В сыром осеннем Питере Горький чувствовал себя плохо. Он покашливал, сдвигал пестро шитую шелками тюбетейку, открывая наголо, до голубизны обритую голову. Но с Куприным сидел долго, рассуждая и прикидывая возможности нового издательства.
– Духовный голод велик, огромен, – глуховато говорил он после глубокой затяжки, – не только у той массы, что читала раньше и не получает уже несколько лет регулярного притока духовной пищи, но и развился у новой читательской массы, гораздо большей, чем прежняя…
Он раскурил новую папиросу от только что закуренной, затянулся, закашлялся, сказал сквозь кашель:
– Глядите в глубь событий, отрывайтесь от случайного, внешнего… И не обижайтесь на перегибы… Они неизбежны… Давайте работать. Будем издавать образцовые произведения конца прошлого и начала нынешнего века.
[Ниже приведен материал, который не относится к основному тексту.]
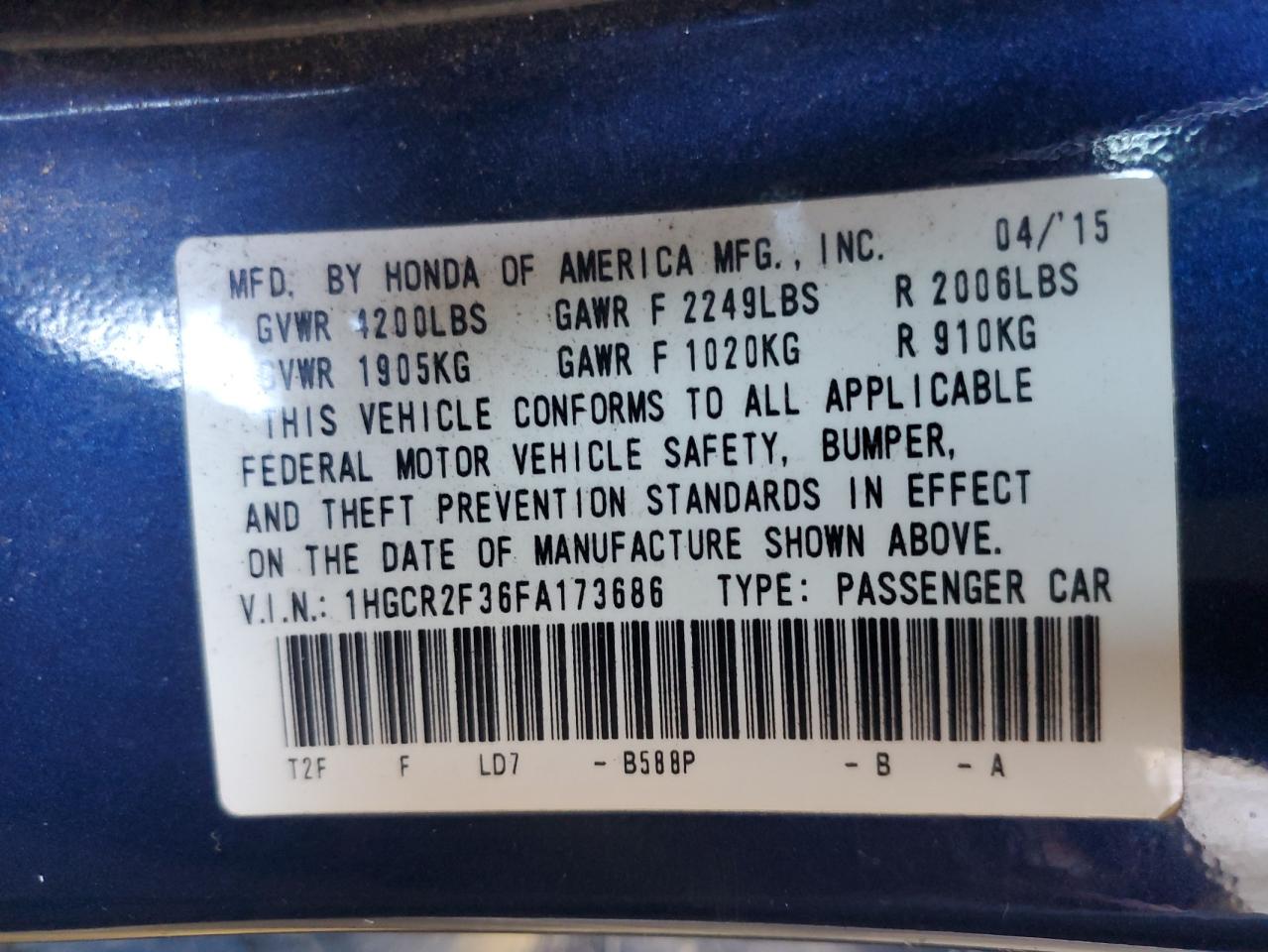 HONDA ACCORD 2.4 2015 г.в., (1HGCR2F36FA173686) из США
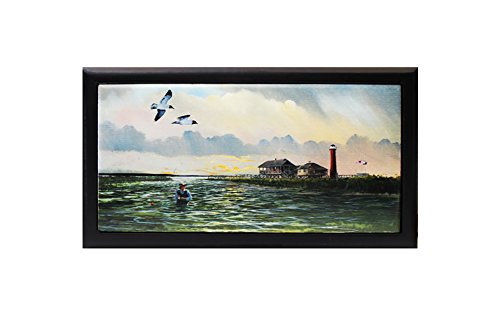 Ceramic Tile Lighthouse & Angler, Wooden Box 8-3/4"x5"x2-3/4"H, 39219 BY ACK
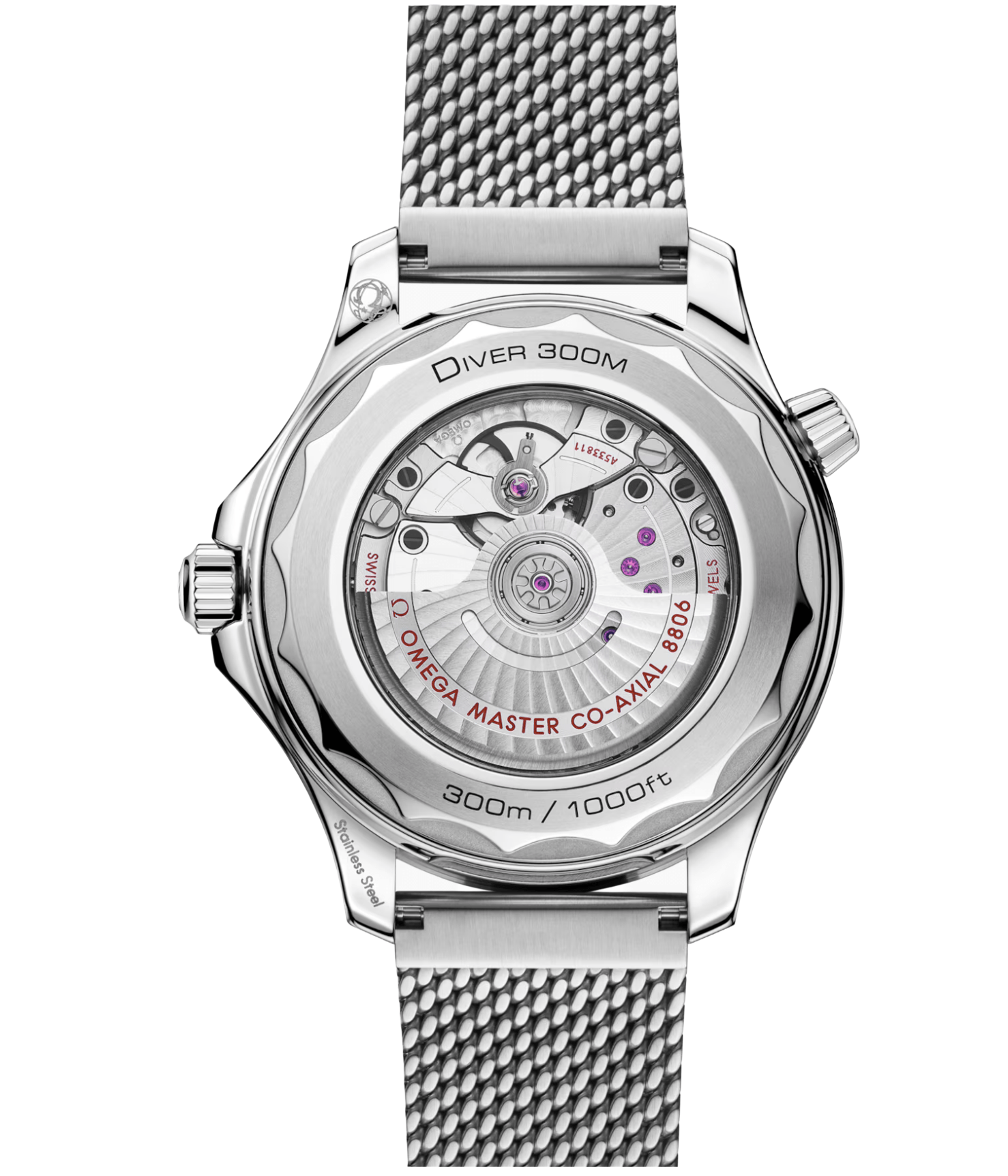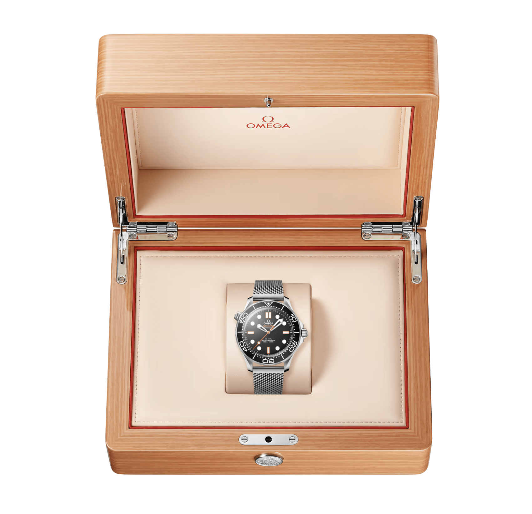 This 42 mm model is crafted in stainless steel and includes a black oxalic anodized aluminium bezel ring with a diving scale in white Super-LumiNova. Black aluminium is also used to create the dial, which features rhodium plated skeletonized hands and indexes that are filled with white Super-LumiNova. The colour orange is used for the central seconds hand, the four quarter indexes, and Seamaster name, while the OMEGA logo is transferred in white.
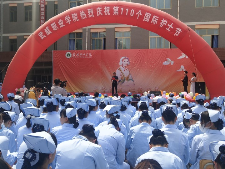 在第110個(gè)國(guó)際護(hù)士節(jié)到來(lái)之際,為慶祝中國(guó)共產(chǎn)黨百年華誕,繼承和弘揚(yáng)南丁格爾救死扶傷的人道主義精神和為護(hù)理事業(yè)無(wú)私奉獻(xiàn)的高尚品質(zhì),強(qiáng)化我院護(hù)生職業(yè)理念和使命擔(dān)當(dāng),推動(dòng)我院護(hù)理事業(yè)不斷向前發(fā)展,助力學(xué)院“雙高”建設(shè),5月11日下午,學(xué)院在明遠(yuǎn)樓北廣場(chǎng)舉辦5.12國(guó)際護(hù)士節(jié)慶?;顒?dòng)。學(xué)院副院長(zhǎng)王永緒、張開禮、武威市區(qū)部分實(shí)習(xí)醫(yī)院護(hù)理部、科教科負(fù)責(zé)人及學(xué)院相關(guān)處室領(lǐng)導(dǎo)出席本次活動(dòng),護(hù)理系師生1600余人參加了本次活動(dòng)。
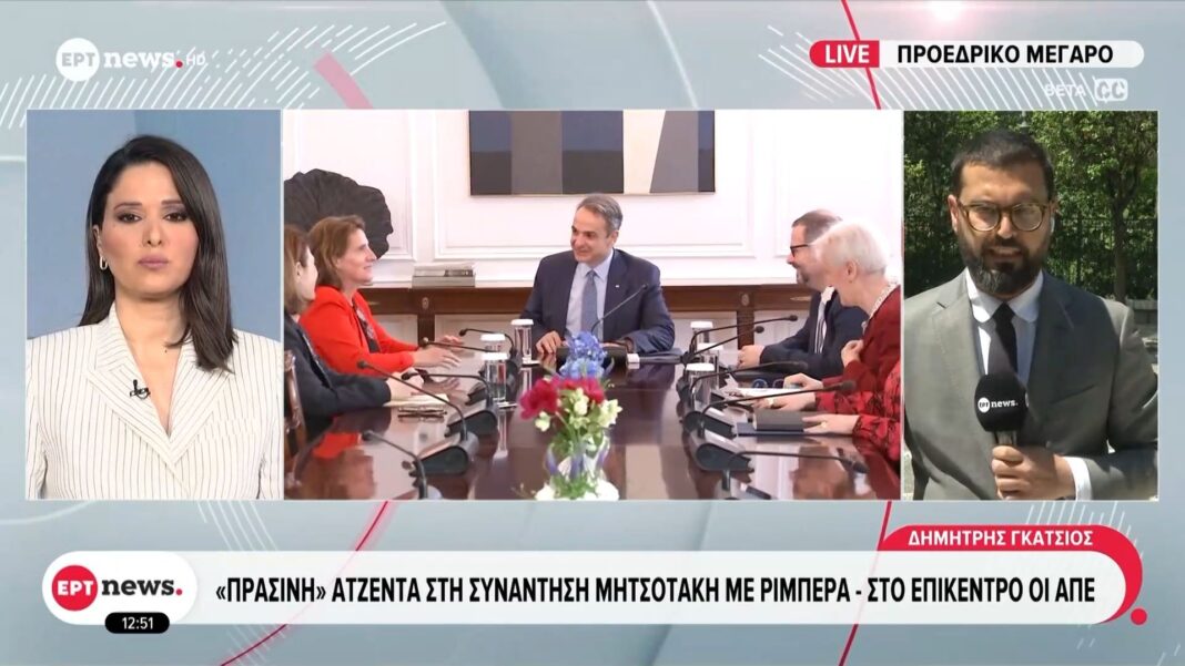 Ο Κυριάκος Μητσοτάκης συναντήθηκε με τον Ισπανό υπουργό Περιβάλλοντος, Ριμπέρα, σε μια συνάντηση που επικεντρώθηκε στην προώθηση των Ανανεώσιμων Πηγών Ενέργειας (ΑΠΕ). Οι δύο ηγέτες τόνισαν τη σημασία της βιωσιμότητας και των πράσινων πολιτικών για την αντιμετώπιση της κλιματικής αλλαγής.

Двинем ваш «Поединок»… Народу нужны и хорошие книжки, и хорошие журналы и газеты.
Куприн, повернувшись к нему всем полнеющим телом, быстро ответил:
– «Поединок» – это хорошо, но старо. А вот есть у меня, Алексей Максимович, задумка, которой я хотел бы с вами поделиться…
Это была давно занимавшая Куприна затея издавать народную газету для крестьянства под названием «Земля».
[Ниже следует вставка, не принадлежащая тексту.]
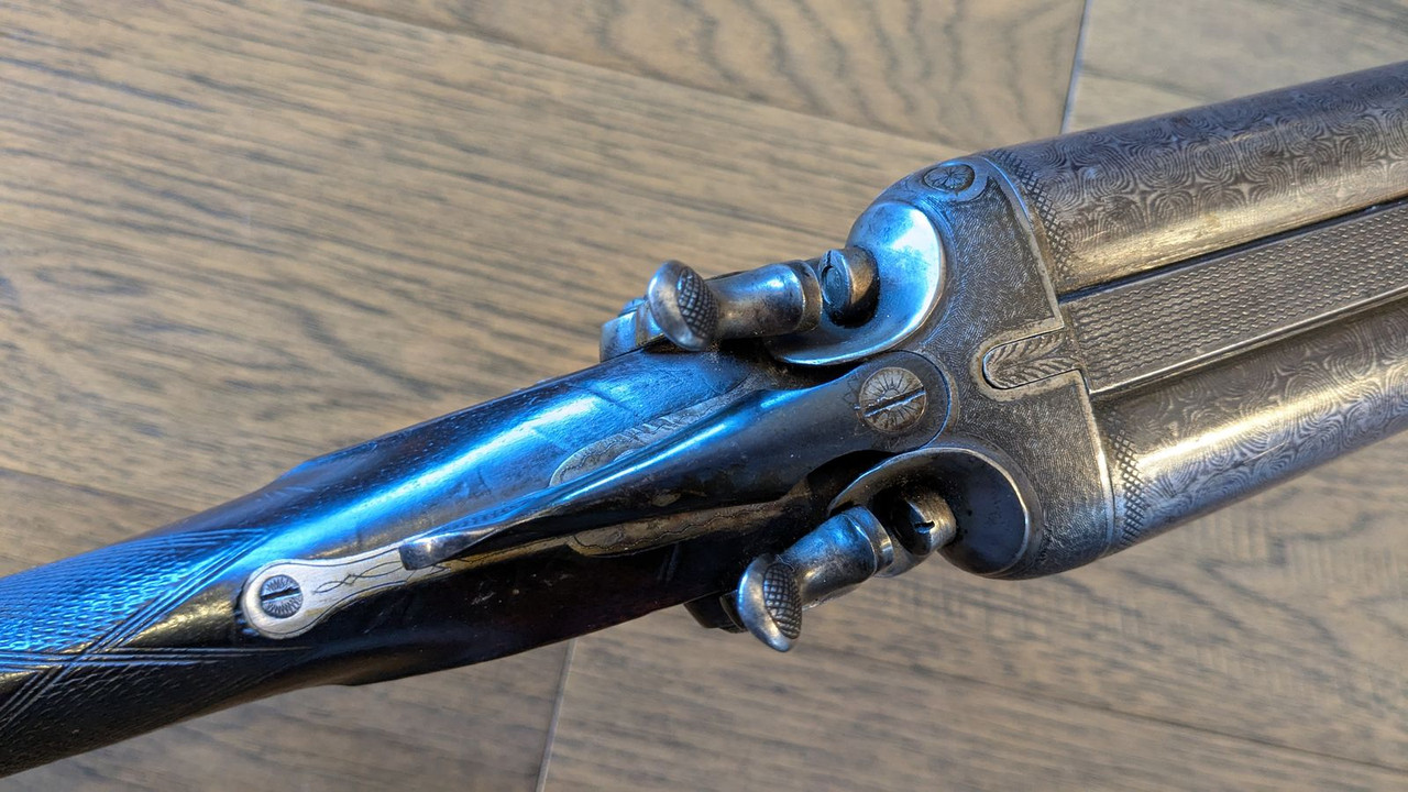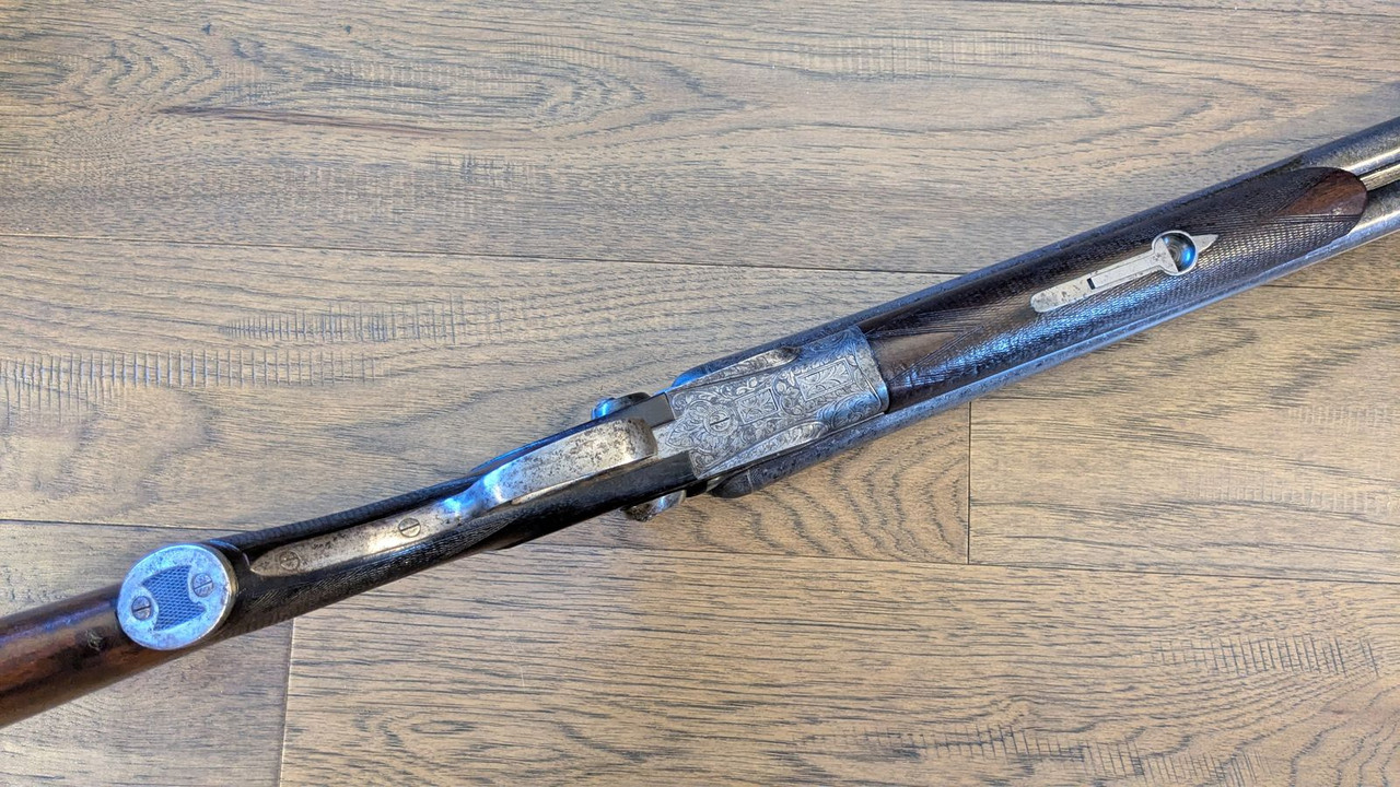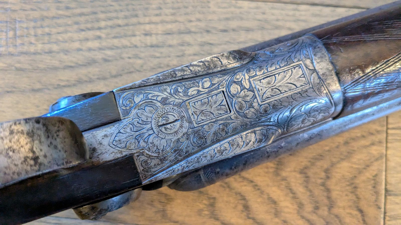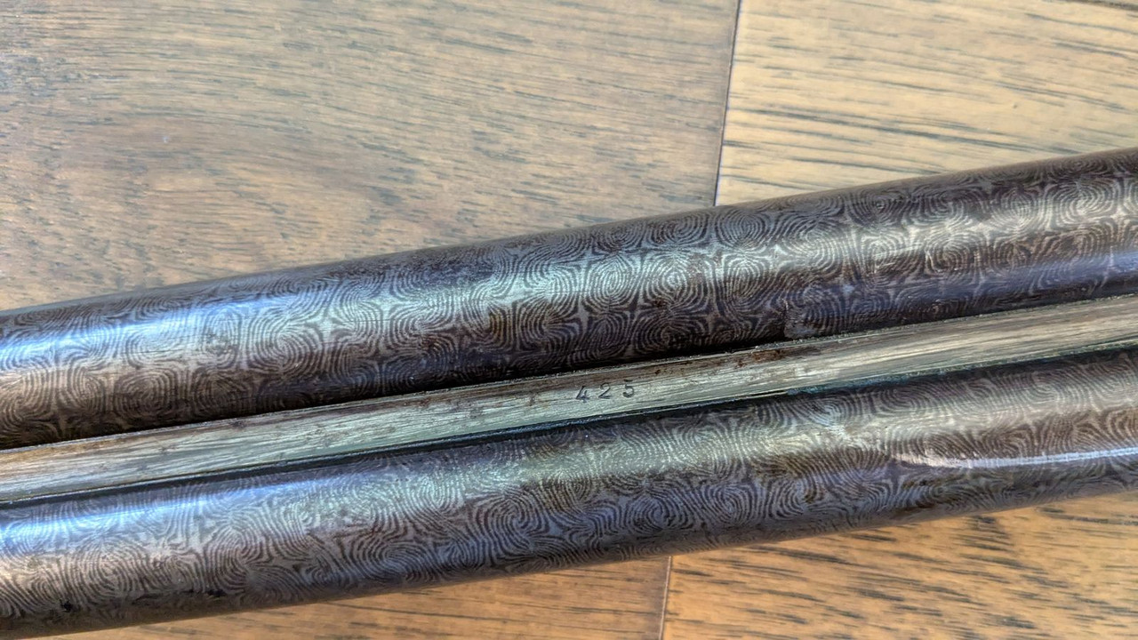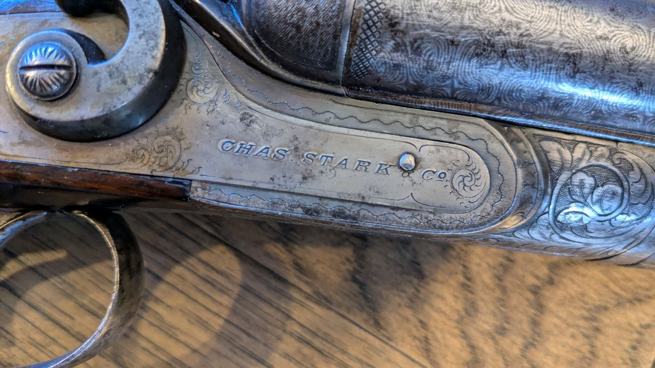 Shotgun itself turned out to be Belgian made 12ga, Damascus barrels. Matching numbers on flats and barrel, no serial on forend. Shotgun markings don't allow me to date it. However Chass Stark started having financial troubles in 1892, died in 1899 and business closed in 1905, so I assume it is post 1887 (absent in 1887 catalogue) and pre-1892.

– Сейчас деревне до зарезу, больше, чем книга, нужны землемер, агроном, садовник, инженер, лесничий, сыровар, маслодел, коннозаводчик, учитель, врач, акушерка, санитар, – убежденно говорил он Горькому. – Нужно поднять сельское хозяйство и сделать его передовым и культурным. Уничтожить на селе недоверие к людям интеллигентного труда, пропагандировать народу сельскохозяйственную технику и специальные знания. Учить бережному отношению к лесу… Да мало ли еще задач, которые сейчас жизненно насущны для русской деревни!
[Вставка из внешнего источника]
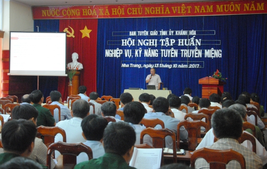 Ngày 13/10, tại Trung tâm Hội nghị 46 Trần Phú, Ban Tuyên giáo Tỉnh ủy Khánh Hòa tổ chức Hội nghị tập huấn nghiệp vụ, kỹ năng tuyên truyền miệng cho 300 báo cáo viên Tỉnh ủy, báo cáo viên cấp huyện, thị, thành phố. Về dự có đồng chí Hồ Văn Mừng - Trưởng ban Tuyên giáo Tỉnh ủy; Phó giáo sư-Tiến sĩ Lương Khắc Hiếu nguyên Giám đốc Học viện Báo chí và Tuyên truyền.
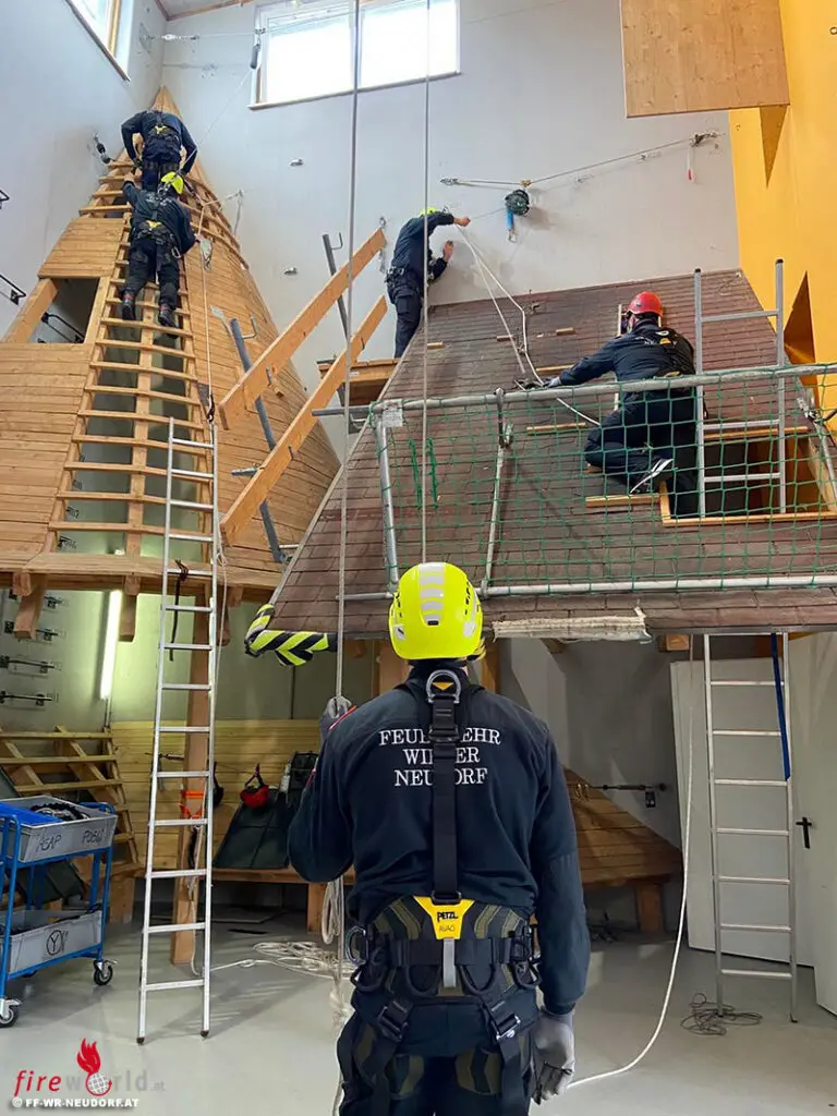 Bei den dabei gelernten Sicherungsvarianten handelt es sich um einfache Lösungen die von jedem schwindelfreien Feuerwehrmann beherrscht werden sollten. Für spezielle Rettungen aus Höhen und Tiefen verfügt die FF Wiener Neudorf zusätzlich seit mehreren Jahren über eine speziell ausgebildete Höhenrettungsgruppe.

Остановив на Куприне потвердевший взгляд, Горький заговорил, крепко налегая на «о»:
– Хорошее дело вы задумали, Александр Иванович, хорошее… Надо бы все это изложить на бумаге и как следует обсудить. Я с удовольствием присоединю к вашему проекту и свои силы…
– Ну а что дальше? Дальше что? – нетерпеливо спросил Куприн. – Ведь это так и останется мечтаниями на бумаге.
– Есть один человек, который все понимает отлично. Так-то! – отозвался Горький и добавил мягким густым басом: – Ленин.
А. М. Горький – В. И. Ленину.
Декабрь 1918 года.
«Дорогой Владимир Ильич!
Очень прошу Вас принять и выслушать Александра Ивановича Куприна по лит(ературному) делу.
Привет! А. Пешков».
Загоревшись новой идеей, Куприн выезжает в Москву с женой и дочерью и останавливается в квартире художника-акварелиста Н. М. Гермашова. Проект газеты «Земля», отредактированный и одобренный Горьким, был выслан заранее, чтобы с ним могли ознакомиться компетентные лица. Но главное – свидание с Лениным.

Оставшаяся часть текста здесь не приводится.